Problem description: Leave the pictures out and reproduce, exactly, the lines from the one with "Letzte Nacht ging" through the end of the entries below.

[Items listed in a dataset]

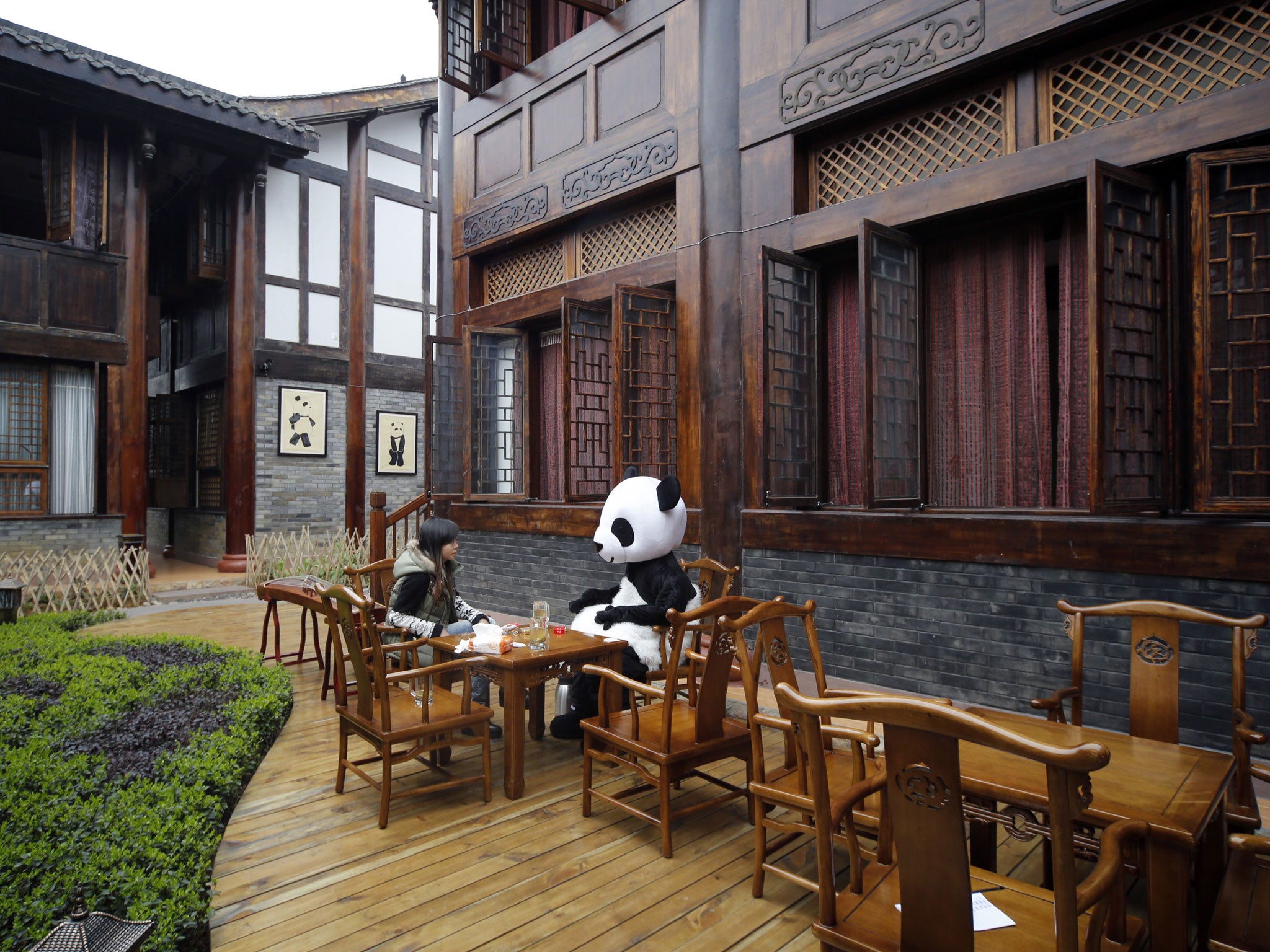 The rooms are decorated with panda pictures and cuddly toy pandas sit on the beds, tables and chairs. The staff even dress in panda costumes to entertain the guests.
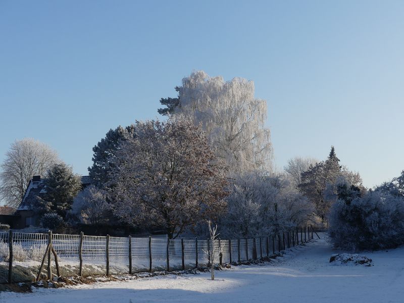 Letzte Nacht ging es bis -10,8 Grad runter, das zauberte noch mehr Eiskristalle und heute scheint sogar die Sonne. Um dieses Jahreszeit erreicht sie dann aber kaum noch was im Garten.
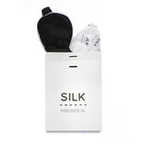 The gorgeous Silk Black with White Piping Travel Eye Mask from Silk Magnolias so comfortable you won’t want to take it off! Covered in 100% pure Mulberry Silk, filled with soft luxurious pure silk and with a comfortable elastic band, this sleep mask will help the delicate facial skin retain its moisture, reducing the appearance of fine lines around the eyes. Presented in a beautiful white box with a travel case for the mask, it makes the perfect gift for the person that has it all. Finish off your beauty sleep perfectly with this beautiful silk sleep mask.
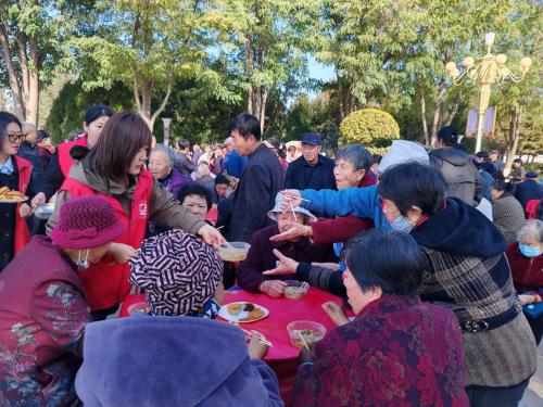 活动现场,文艺演出轮番上演,歌舞节目精彩纷呈,赢得老人们阵阵掌声。依托“五社六站”服务体系,活动设置了多元化服务点,来自各社区、“五社六站”及部分单位的志愿者们,有序开展义剪、义诊、互动游戏、银发留影、政策宣讲等服务,将专业关怀送到老人身边。重阳糕香甜,长寿面暖心。活动现场特意准备了传统美食,老人们围坐一堂,吃面话家常,在味蕾的满足中拉近距离,增进邻里情谊,现场其乐融融。
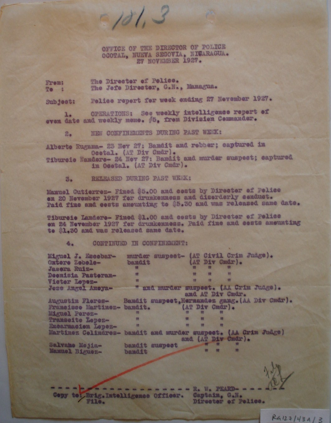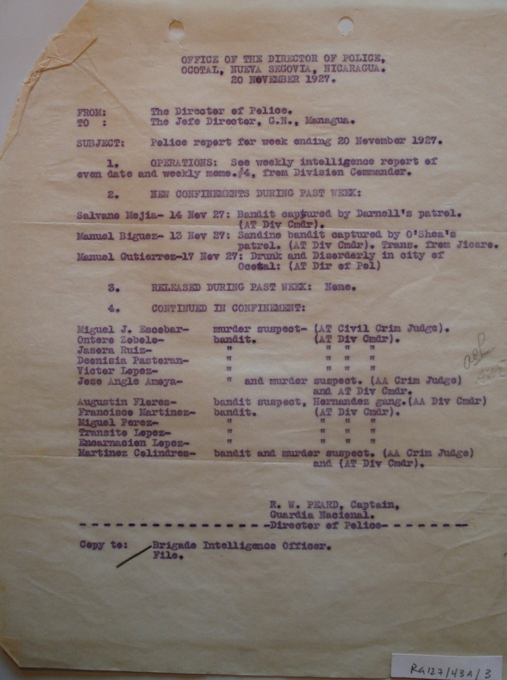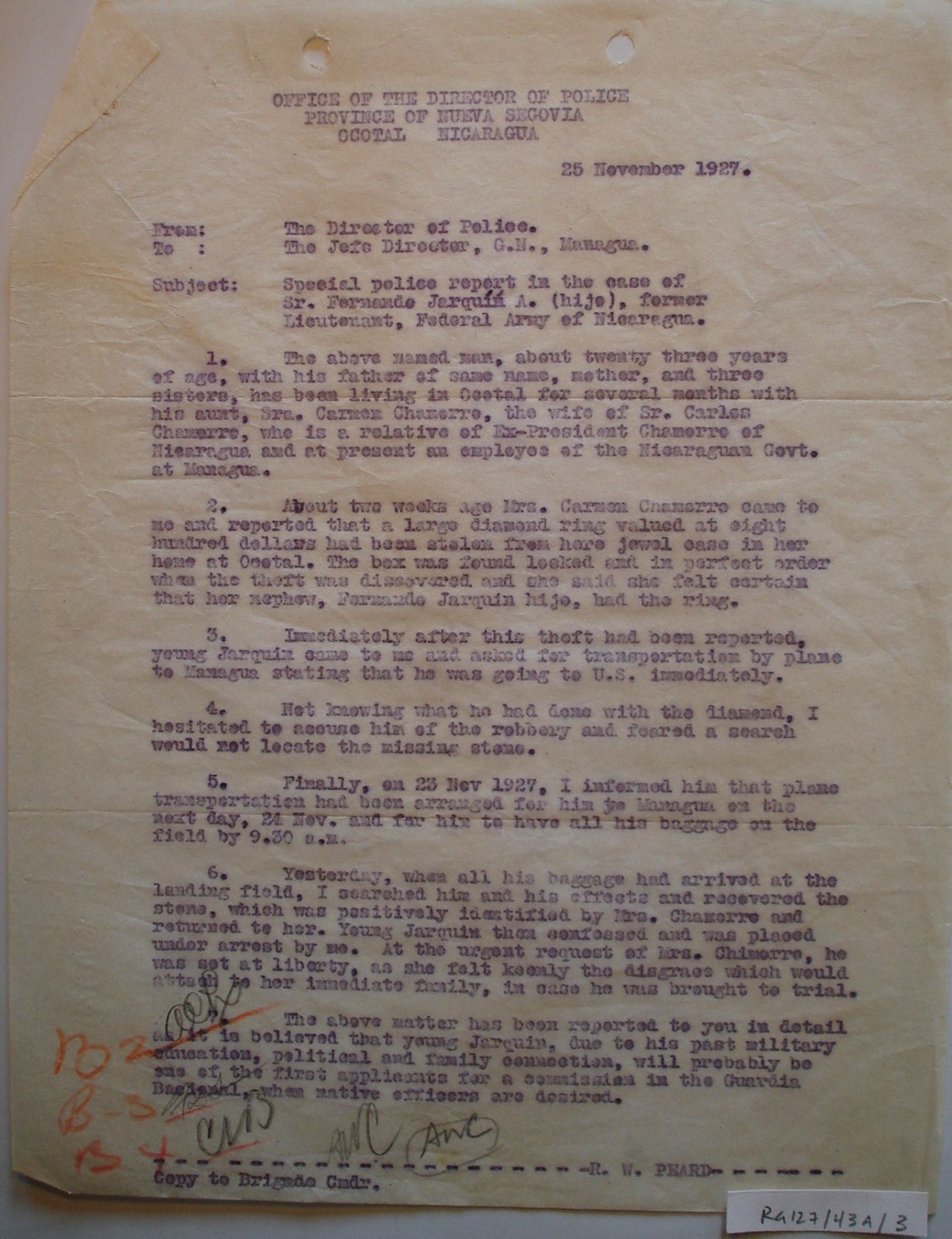 Director, G.N., Managua. ¶ Subject: Police
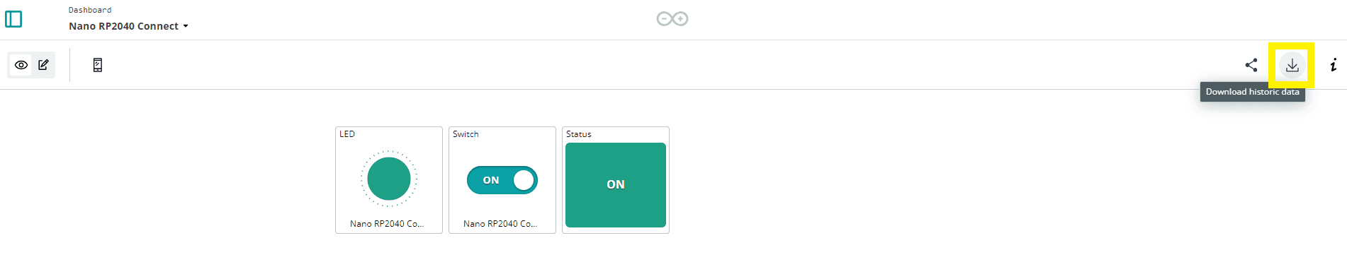 To start exporting your data locally, navigate into one of your dashboards on the Arduino Cloud. While inside a dashboard, press the Download icon in the upper right corner. This will open a new window that will allow you to select which historical data you would like to download.
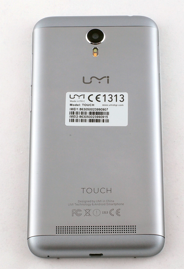 Дизайн у смартфона - очень даже приличный, смотрится телефончик хорошо. Но дизайн нельзя назвать оригинальным: UMi Touch прежде всего напоминает Lenovo Vibe P1. Разве что у UMi Touch срезанные фаски под металл вокруг лицевой части добавляют стильности. Сканер отпечатка пальца, как и у Vibe P1, встроен в кнопку "Домой". Управляющие кнопки "Возврат" и "Меню" сенсорные, маркировки не имеют, имеют подсветку в виде простой точки.

Reply:
 Letzte Nacht ging es bis -10,8 Grad runter, das zauberte noch mehr Eiskristalle und heute scheint sogar die Sonne. Um dieses Jahreszeit erreicht sie dann aber kaum noch was im Garten.
 The gorgeous Silk Black with White Piping Travel Eye Mask from Silk Magnolias so comfortable you won’t want to take it off! Covered in 100% pure Mulberry Silk, filled with soft luxurious pure silk and with a comfortable elastic band, this sleep mask will help the delicate facial skin retain its moisture, reducing the appearance of fine lines around the eyes. Presented in a beautiful white box with a travel case for the mask, it makes the perfect gift for the person that has it all. Finish off your beauty sleep perfectly with this beautiful silk sleep mask.
 活动现场,文艺演出轮番上演,歌舞节目精彩纷呈,赢得老人们阵阵掌声。依托“五社六站”服务体系,活动设置了多元化服务点,来自各社区、“五社六站”及部分单位的志愿者们,有序开展义剪、义诊、互动游戏、银发留影、政策宣讲等服务,将专业关怀送到老人身边。重阳糕香甜,长寿面暖心。活动现场特意准备了传统美食,老人们围坐一堂,吃面话家常,在味蕾的满足中拉近距离,增进邻里情谊,现场其乐融融。
 Director, G.N., Managua. ¶ Subject: Police
 To start exporting your data locally, navigate into one of your dashboards on the Arduino Cloud. While inside a dashboard, press the Download icon in the upper right corner. This will open a new window that will allow you to select which historical data you would like to download.
 Дизайн у смартфона - очень даже приличный, смотрится телефончик хорошо. Но дизайн нельзя назвать оригинальным: UMi Touch прежде всего напоминает Lenovo Vibe P1. Разве что у UMi Touch срезанные фаски под металл вокруг лицевой части добавляют стильности. Сканер отпечатка пальца, как и у Vibe P1, встроен в кнопку "Домой". Управляющие кнопки "Возврат" и "Меню" сенсорные, маркировки не имеют, имеют подсветку в виде простой точки.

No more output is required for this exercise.